RECORD EXTRACTS ▸
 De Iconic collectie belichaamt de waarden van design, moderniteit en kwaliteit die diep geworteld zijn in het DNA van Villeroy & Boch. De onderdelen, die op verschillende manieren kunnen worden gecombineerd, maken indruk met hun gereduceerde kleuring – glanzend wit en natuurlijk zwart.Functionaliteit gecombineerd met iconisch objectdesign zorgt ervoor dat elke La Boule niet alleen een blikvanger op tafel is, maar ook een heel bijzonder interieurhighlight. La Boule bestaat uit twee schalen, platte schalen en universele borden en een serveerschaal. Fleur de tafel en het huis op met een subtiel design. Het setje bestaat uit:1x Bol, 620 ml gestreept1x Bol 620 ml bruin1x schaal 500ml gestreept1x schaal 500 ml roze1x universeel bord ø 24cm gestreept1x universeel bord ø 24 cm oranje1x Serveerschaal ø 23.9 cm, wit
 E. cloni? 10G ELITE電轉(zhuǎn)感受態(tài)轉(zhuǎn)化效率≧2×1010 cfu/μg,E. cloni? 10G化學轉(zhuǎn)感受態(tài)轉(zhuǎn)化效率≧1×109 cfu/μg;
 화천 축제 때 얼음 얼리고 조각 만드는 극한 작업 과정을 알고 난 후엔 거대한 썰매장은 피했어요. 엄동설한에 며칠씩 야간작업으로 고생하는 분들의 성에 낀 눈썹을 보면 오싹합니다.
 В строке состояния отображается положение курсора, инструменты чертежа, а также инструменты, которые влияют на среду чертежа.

==

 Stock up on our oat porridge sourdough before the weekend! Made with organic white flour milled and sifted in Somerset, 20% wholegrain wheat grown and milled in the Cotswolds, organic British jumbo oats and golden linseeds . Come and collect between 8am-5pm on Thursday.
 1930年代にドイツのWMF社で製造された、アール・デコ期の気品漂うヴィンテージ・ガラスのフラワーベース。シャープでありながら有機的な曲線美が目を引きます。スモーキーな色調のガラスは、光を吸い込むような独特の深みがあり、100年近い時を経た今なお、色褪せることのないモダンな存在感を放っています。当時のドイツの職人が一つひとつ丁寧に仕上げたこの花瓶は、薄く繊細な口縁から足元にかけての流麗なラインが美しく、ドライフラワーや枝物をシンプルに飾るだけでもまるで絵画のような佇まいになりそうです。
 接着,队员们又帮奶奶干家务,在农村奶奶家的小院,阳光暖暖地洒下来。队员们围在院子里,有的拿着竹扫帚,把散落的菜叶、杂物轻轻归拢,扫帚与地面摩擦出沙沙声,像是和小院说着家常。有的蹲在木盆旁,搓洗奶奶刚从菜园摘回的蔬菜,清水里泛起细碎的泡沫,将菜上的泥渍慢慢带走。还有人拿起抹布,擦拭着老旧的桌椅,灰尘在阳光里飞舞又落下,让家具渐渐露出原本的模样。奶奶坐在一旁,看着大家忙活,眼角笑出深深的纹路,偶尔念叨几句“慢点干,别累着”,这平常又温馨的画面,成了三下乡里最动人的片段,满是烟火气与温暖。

AIM OF THE TASK ▸ Above are the entries. Copy exactly the part that opens with the line containing "E. cloni? 10G ELITE電轉(zhuǎn)感受態(tài)轉(zhuǎn)化效率≧2×1010" and closes with the line containing "В строке состояния", and no more.

ANSWER AREA ▸
 E. cloni? 10G ELITE電轉(zhuǎn)感受態(tài)轉(zhuǎn)化效率≧2×1010 cfu/μg,E. cloni? 10G化學轉(zhuǎn)感受態(tài)轉(zhuǎn)化效率≧1×109 cfu/μg;
 화천 축제 때 얼음 얼리고 조각 만드는 극한 작업 과정을 알고 난 후엔 거대한 썰매장은 피했어요. 엄동설한에 며칠씩 야간작업으로 고생하는 분들의 성에 낀 눈썹을 보면 오싹합니다.
 В строке состояния отображается положение курсора, инструменты чертежа, а также инструменты, которые влияют на среду чертежа.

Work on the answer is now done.